In the scenario you suggest, Etruria was commercialized by Etruscan-speakers
from outside who were wealthy and powerful enough to establish trade
throughout the land. But where is the evidence for this great non-Italian
Etruscan commercial empire? What plague or genocide wiped out all
Etruscan-speakers in the presumed homeland?

>Or perhaps the fact that the Etruscans had already converted to a mining and
>export economy before the Greeks arrived might bespeak that earlier presence.
>I seem to recall that "rich guy" graves start appearing among the Villanovians
>before the first sign of the Greek inundation.

This is a good point. What happened in Etruria is in stark contrast to the
colonization of Magna Graecia. With its wealth of metals and agricultural
fecundity, Etruria would have been a tempting target for Greek colonization.
Something blocked this from taking place. Somehow the Villanovans acquired
the centralized social organization necessary for them to stand up to the
Greeks and demand that whatever the Greeks took out of the land be paid for.
A by-product of social organization is social stratification; hence the
"rich guy" graves.

The question now is whether the Villanovans had native leaders who just
happened to be more astute than their counterparts in southern Italy, or
they had outside help in preparing themselves for the Greek inundation. It
would make perfect sense for the Phoenicians to practice this sort of
intervention, as they stood to lose a great deal if Etruria fell into Greek
hands. Either way, I don't see the Etruscan language coming into Etruria at
that time; it was already established. If Phoenician or other foreign
"advisors" came in to organize the "resistance", they would have had little
impact on the native speech.

>Perhaps it's the speed of this model [for acquiring writing] that is
>troubling.  European IE languages didn't convert to writing so quickly, even
>though they were converting between related languages.  Some think Phoenician
>to Greek took centuries.  It might make one suspect that an entire previously
>illiterate population was not involved.  Or perhaps even that Etruscan itself
>might have been spreading with the writing.

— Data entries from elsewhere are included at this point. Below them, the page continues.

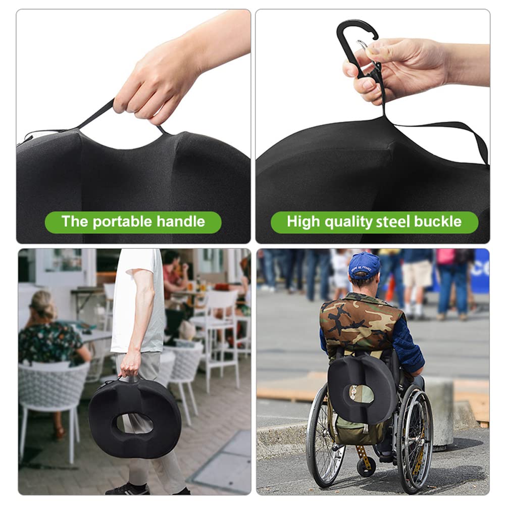 • ☑ Carry handle and hook: As the chair cushion, it can be used in the office, at home, outdoors, traveling or wheelchair, etc, the handle and hook are necessary for easily carrying along。 You can take the donut pillow by the handle, hang up the donut pillow on your backpack, suitcase or wheelchair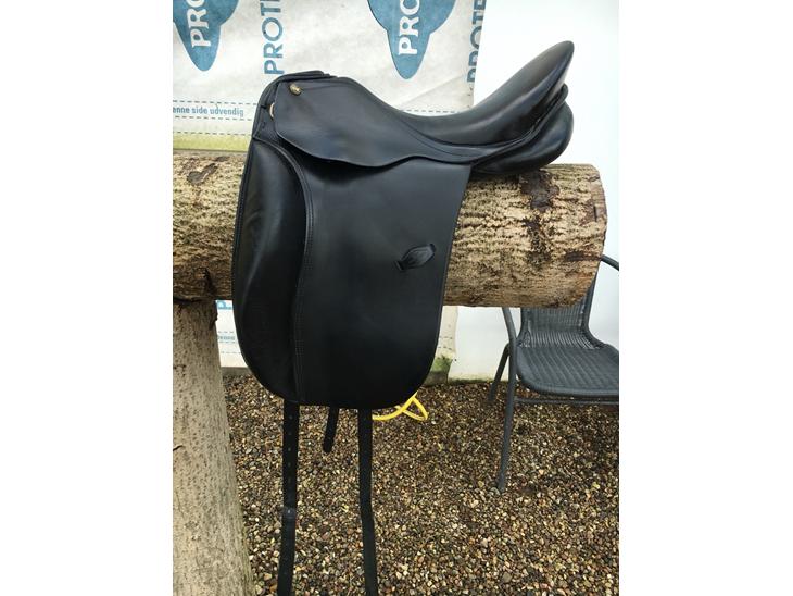 Sjælden udbudt lækker dressursadel med dybt sæde og stor udvendig knæstøtte. 17" og bred bom. I pæn stand, god stopning og ok gjordstropper - alm. Brugsspor.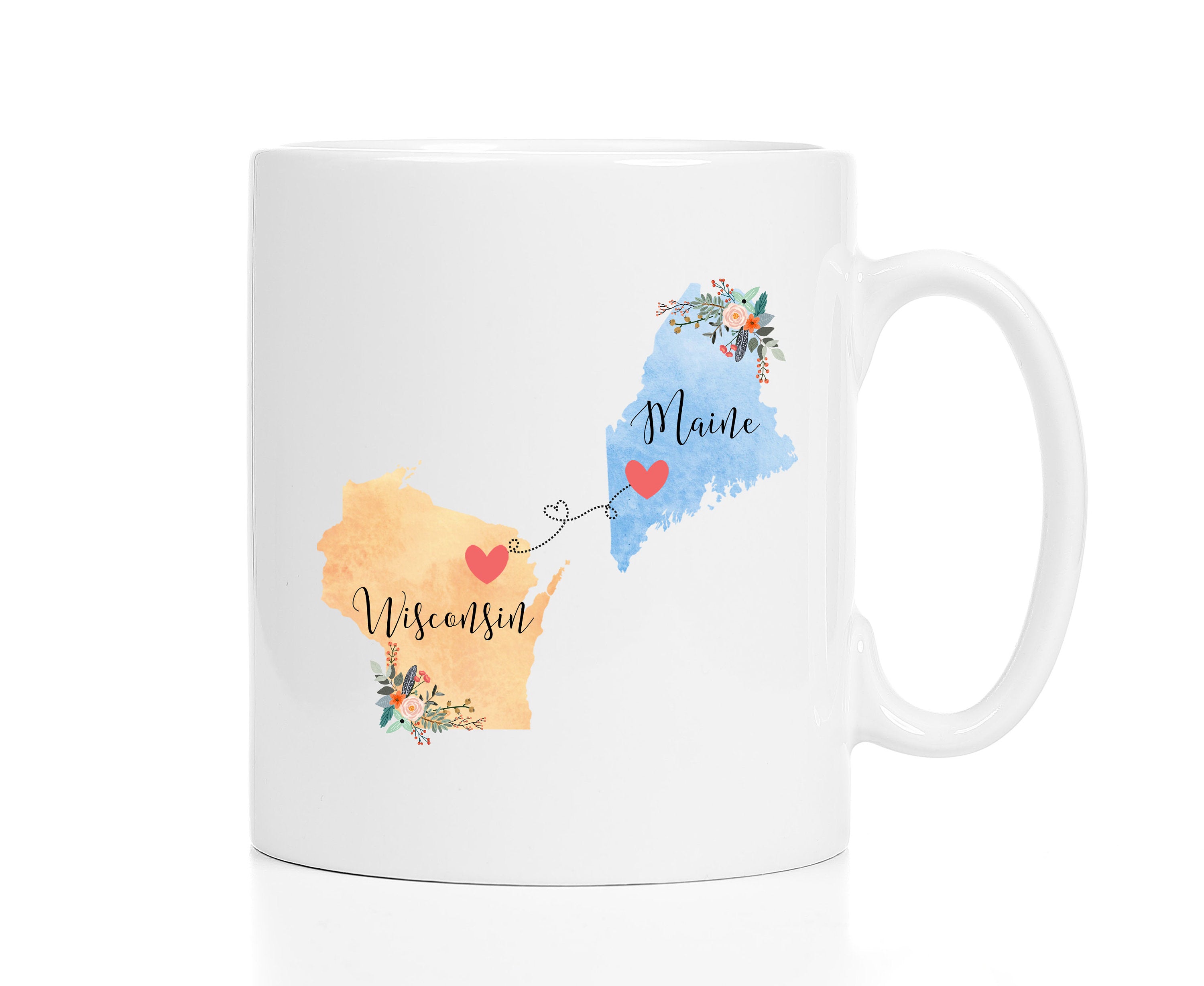 **No Delivery Dates Are Guaranteed. All shipping carriers are currently experiencing delays and transit times can be longer than normal. As a small business, we appreciate your patience and understanding that these circumstances are something that is out of our control. By purchasing this listing you are agreeing that you understand that the shipping date estimation may not be accurate.**Maine Wisconsin Mug / Maine to Wisconsin Coffee Mug / Wisconsin Maine Gift / Missing You Gifts / State Love Mug / State to State Mug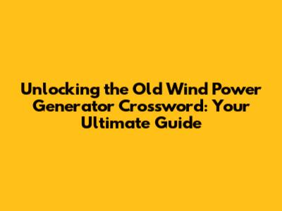 Unlocking The Old Wind Power Generator Crossword: Your Ultimate Guide
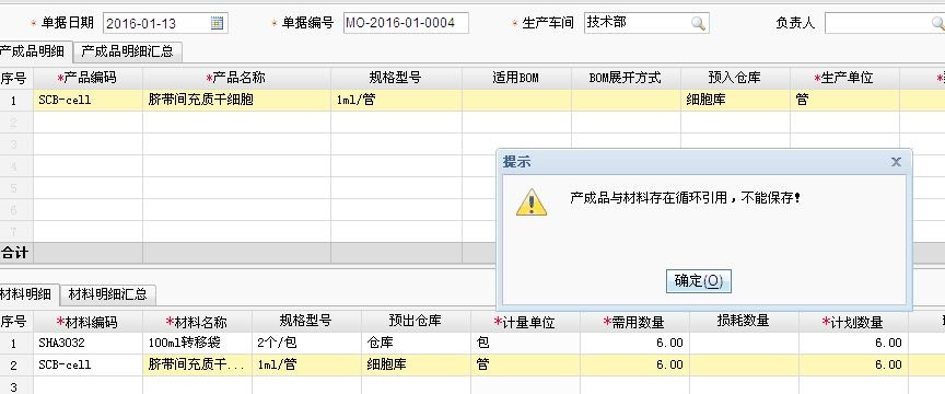 用友T+生产加工单制单提示:产成品与材料存在循环引用,不能保存?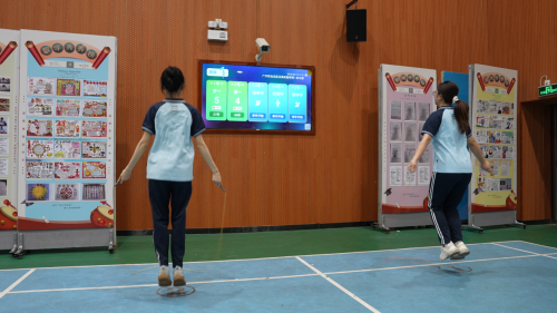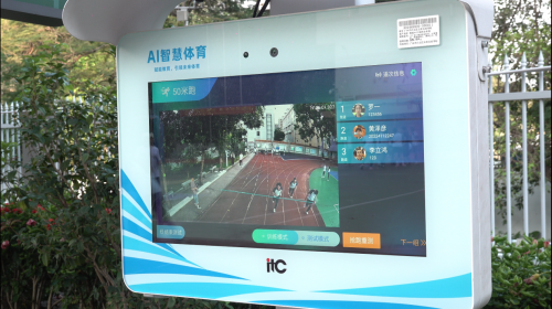 在操场周围,itc智慧AI体育系统格外引人注目。其不仅整合了丰富的专业体育课程资源,涵盖标准化动作示范指引、多人参与互动锻炼项目等;还支持实时播报使用者的成绩。有学生表示,“这个机器在每一圈跑完都会自动报时,可以让自己对于速度掌握更加准确”。通过智慧化应用模式,有效激发学生运动兴趣,实现“学会、勤练、常赛”体育教学目标。
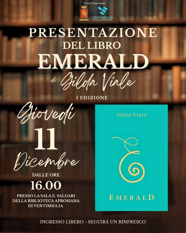 "Emerald" di Gilda Viale verrà presentato oggi pomeriggio, giovedì 11 dicembre, alle 16 nella sala E. Salgari della Biblioteca Aprosiana di Ventimiglia.

It didn't take long for you to slam the brakes on the breakneck speed you
claimed for the introduction of novelties: your model has culture and
language barreling into Etruria like a Montana Freeman heading for a gun
show, while literacy must plod along like an ice truck making deliveries in
Chicago during so-called "rush" hour.

And what's so "quick" about a lifetime? Greek literacy is attested at
Pithecusae and Gabii circa 770. The oldest Etruscan incriptions are circa
700 at Tarquinii. It took another 70 years or so for Etruscan literacy to
reach Vetulonia and Volaterrae. The spread of literacy could easily have
obeyed a speed limit of 5 miles per year. I don't happen to know the speed
limits for European IE literacy, but Etruscan writing teachers weren't
exactly burning up the pavement.

And if Etruscan itself was spreading with literacy, why was there no
standard way of using the Archaic alphabet? We don't see anything like the
7th-cent. Etruscan diversity of writing conventions in 17th-cent. North
American English, where language actually did spread with literacy.
Caeritans were still writing left-to-right when other urban Etruscans were
going right-to-left. Even in Recent Etruscan, the discrepancy between
Northern and (reformed) Southern representation of sibilants was never
resolved. To explain this, migrationists will need to postulate that
different writing conventions were imported by literate Aegean
Paleo-Etruscans from different city-states in their mysterious homeland, and
for this there is not one iota (sorry!) of evidence.